Output exactly the lines of the listing below that run from the line with "普通ホース(内径12-15mm/外径21mm)に対応しています。" through the line with "Los integrantes de". No pictures.

• **AVAILABLE RECORDS**:
_ _ _ _ _ _ _

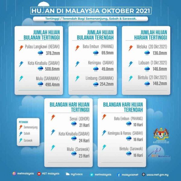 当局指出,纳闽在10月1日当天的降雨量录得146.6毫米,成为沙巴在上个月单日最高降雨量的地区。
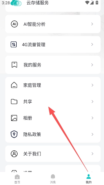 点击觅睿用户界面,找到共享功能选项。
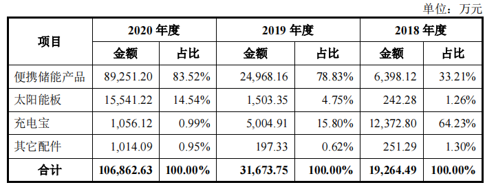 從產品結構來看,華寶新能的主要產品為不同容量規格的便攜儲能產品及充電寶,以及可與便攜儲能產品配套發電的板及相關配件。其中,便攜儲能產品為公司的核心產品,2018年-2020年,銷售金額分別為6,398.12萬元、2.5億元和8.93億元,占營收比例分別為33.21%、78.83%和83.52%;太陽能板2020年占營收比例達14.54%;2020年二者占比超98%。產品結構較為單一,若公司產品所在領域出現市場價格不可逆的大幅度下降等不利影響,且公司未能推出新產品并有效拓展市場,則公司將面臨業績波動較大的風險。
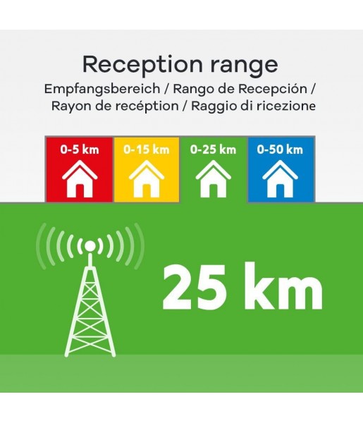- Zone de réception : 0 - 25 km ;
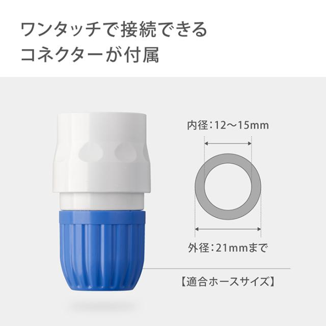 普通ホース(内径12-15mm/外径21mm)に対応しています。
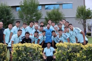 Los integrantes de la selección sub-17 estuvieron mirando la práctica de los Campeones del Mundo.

_ _ _ _ _ _ _

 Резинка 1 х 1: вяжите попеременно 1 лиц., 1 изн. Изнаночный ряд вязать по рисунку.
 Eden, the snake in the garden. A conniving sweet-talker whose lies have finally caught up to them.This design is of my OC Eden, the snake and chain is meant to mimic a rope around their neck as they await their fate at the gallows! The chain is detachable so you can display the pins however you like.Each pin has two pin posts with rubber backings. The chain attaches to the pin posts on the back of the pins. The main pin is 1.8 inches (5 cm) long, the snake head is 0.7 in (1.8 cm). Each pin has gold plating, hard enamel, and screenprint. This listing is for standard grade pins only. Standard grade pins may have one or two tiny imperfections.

_ _ _ _ _ _ _

• **SOLUTION FOR THIS EXERCISE**:
 普通ホース(内径12-15mm/外径21mm)に対応しています。
 Los integrantes de la selección sub-17 estuvieron mirando la práctica de los Campeones del Mundo.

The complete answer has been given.